▶ **WHAT IS NEEDED**:
Set each entry down verbatim, omitting images.

Extracted records:
════
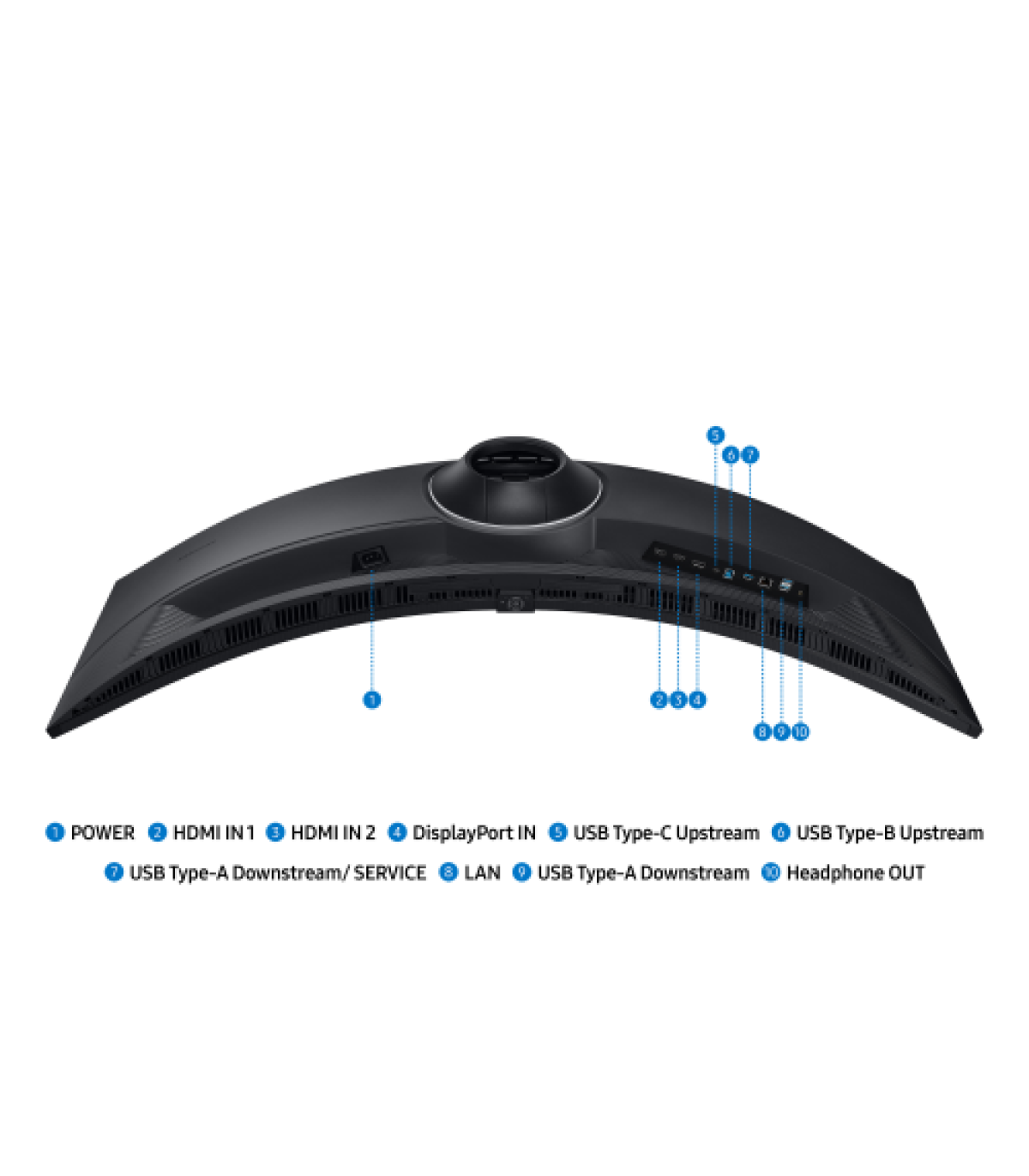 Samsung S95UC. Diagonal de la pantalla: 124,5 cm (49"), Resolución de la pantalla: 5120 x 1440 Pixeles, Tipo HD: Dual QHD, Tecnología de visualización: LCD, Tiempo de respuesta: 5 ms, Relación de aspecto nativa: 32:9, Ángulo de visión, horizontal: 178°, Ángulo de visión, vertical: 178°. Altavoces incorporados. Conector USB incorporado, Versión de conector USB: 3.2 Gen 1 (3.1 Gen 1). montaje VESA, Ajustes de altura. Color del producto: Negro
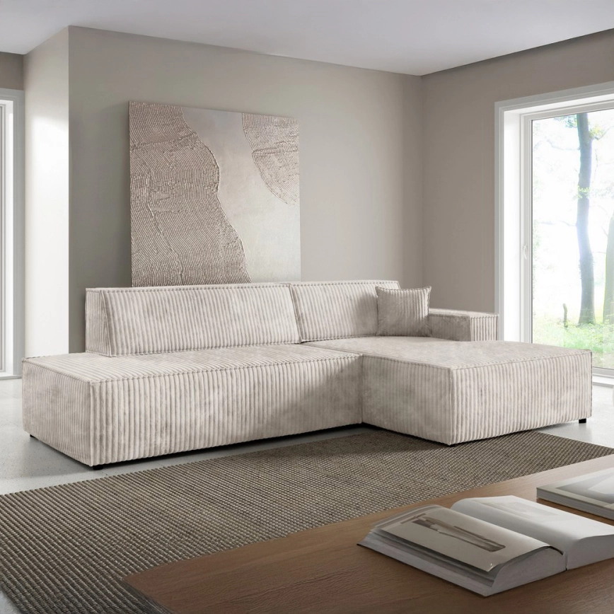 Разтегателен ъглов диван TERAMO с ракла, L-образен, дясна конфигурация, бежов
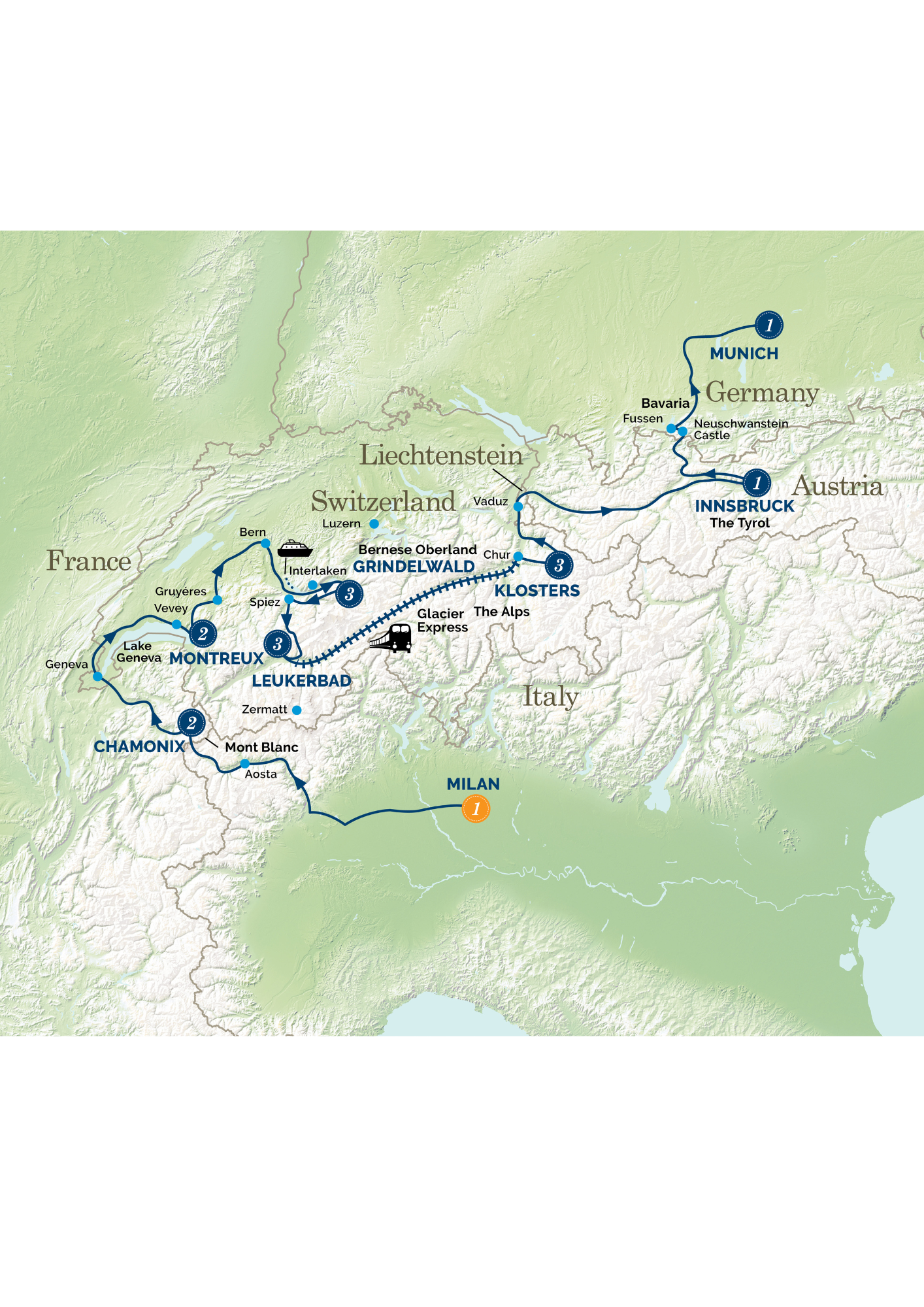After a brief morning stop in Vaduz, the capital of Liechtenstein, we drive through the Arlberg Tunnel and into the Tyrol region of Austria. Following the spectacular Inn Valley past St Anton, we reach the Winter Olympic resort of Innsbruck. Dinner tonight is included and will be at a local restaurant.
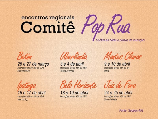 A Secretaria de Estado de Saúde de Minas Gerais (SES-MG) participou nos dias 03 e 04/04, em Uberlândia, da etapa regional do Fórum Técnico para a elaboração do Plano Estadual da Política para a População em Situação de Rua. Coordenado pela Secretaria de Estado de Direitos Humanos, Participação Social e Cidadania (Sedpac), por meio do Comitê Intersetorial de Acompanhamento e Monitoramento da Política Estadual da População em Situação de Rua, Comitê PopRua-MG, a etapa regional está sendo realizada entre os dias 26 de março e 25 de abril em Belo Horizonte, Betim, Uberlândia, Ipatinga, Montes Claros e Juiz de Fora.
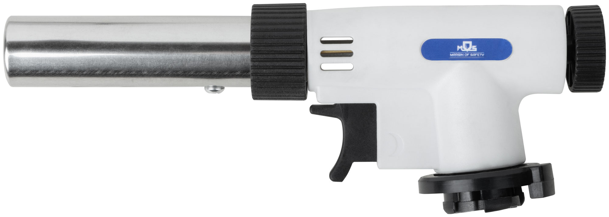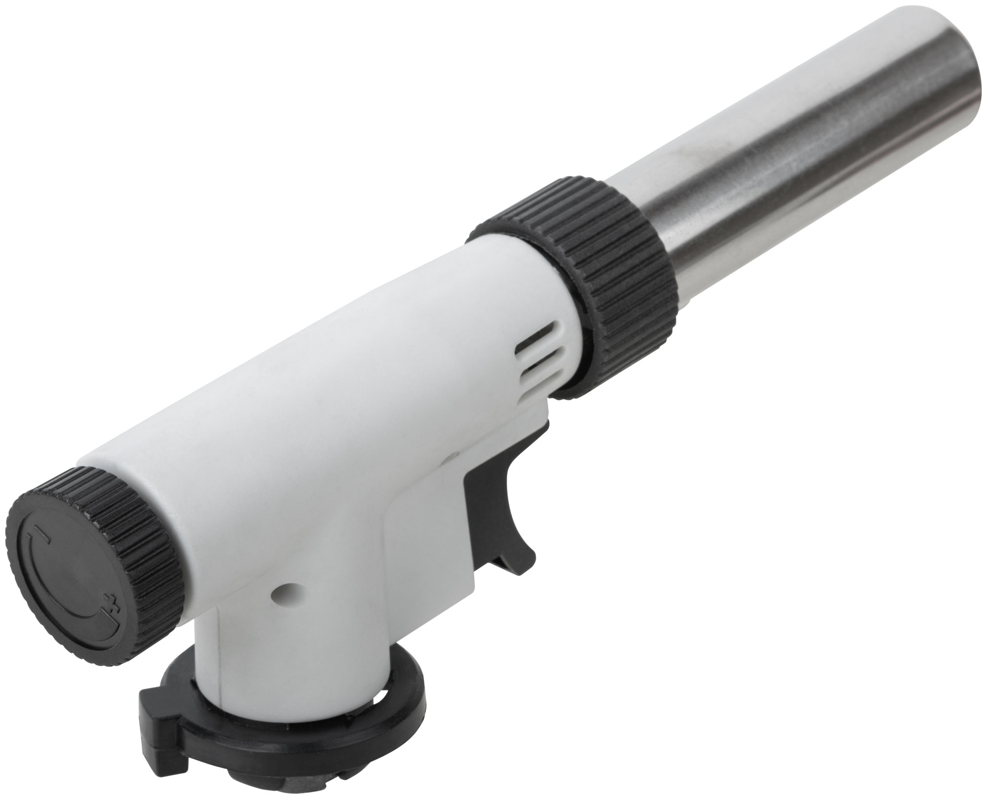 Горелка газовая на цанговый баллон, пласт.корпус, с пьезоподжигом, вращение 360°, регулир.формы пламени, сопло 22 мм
════
▶ **TASK RESPONSE**:
 Samsung S95UC. Diagonal de la pantalla: 124,5 cm (49"), Resolución de la pantalla: 5120 x 1440 Pixeles, Tipo HD: Dual QHD, Tecnología de visualización: LCD, Tiempo de respuesta: 5 ms, Relación de aspecto nativa: 32:9, Ángulo de visión, horizontal: 178°, Ángulo de visión, vertical: 178°. Altavoces incorporados. Conector USB incorporado, Versión de conector USB: 3.2 Gen 1 (3.1 Gen 1). montaje VESA, Ajustes de altura. Color del producto: Negro
 Разтегателен ъглов диван TERAMO с ракла, L-образен, дясна конфигурация, бежов
After a brief morning stop in Vaduz, the capital of Liechtenstein, we drive through the Arlberg Tunnel and into the Tyrol region of Austria. Following the spectacular Inn Valley past St Anton, we reach the Winter Olympic resort of Innsbruck. Dinner tonight is included and will be at a local restaurant.
 A Secretaria de Estado de Saúde de Minas Gerais (SES-MG) participou nos dias 03 e 04/04, em Uberlândia, da etapa regional do Fórum Técnico para a elaboração do Plano Estadual da Política para a População em Situação de Rua. Coordenado pela Secretaria de Estado de Direitos Humanos, Participação Social e Cidadania (Sedpac), por meio do Comitê Intersetorial de Acompanhamento e Monitoramento da Política Estadual da População em Situação de Rua, Comitê PopRua-MG, a etapa regional está sendo realizada entre os dias 26 de março e 25 de abril em Belo Horizonte, Betim, Uberlândia, Ipatinga, Montes Claros e Juiz de Fora.
 Горелка газовая на цанговый баллон, пласт.корпус, с пьезоподжигом, вращение 360°, регулир.формы пламени, сопло 22 мм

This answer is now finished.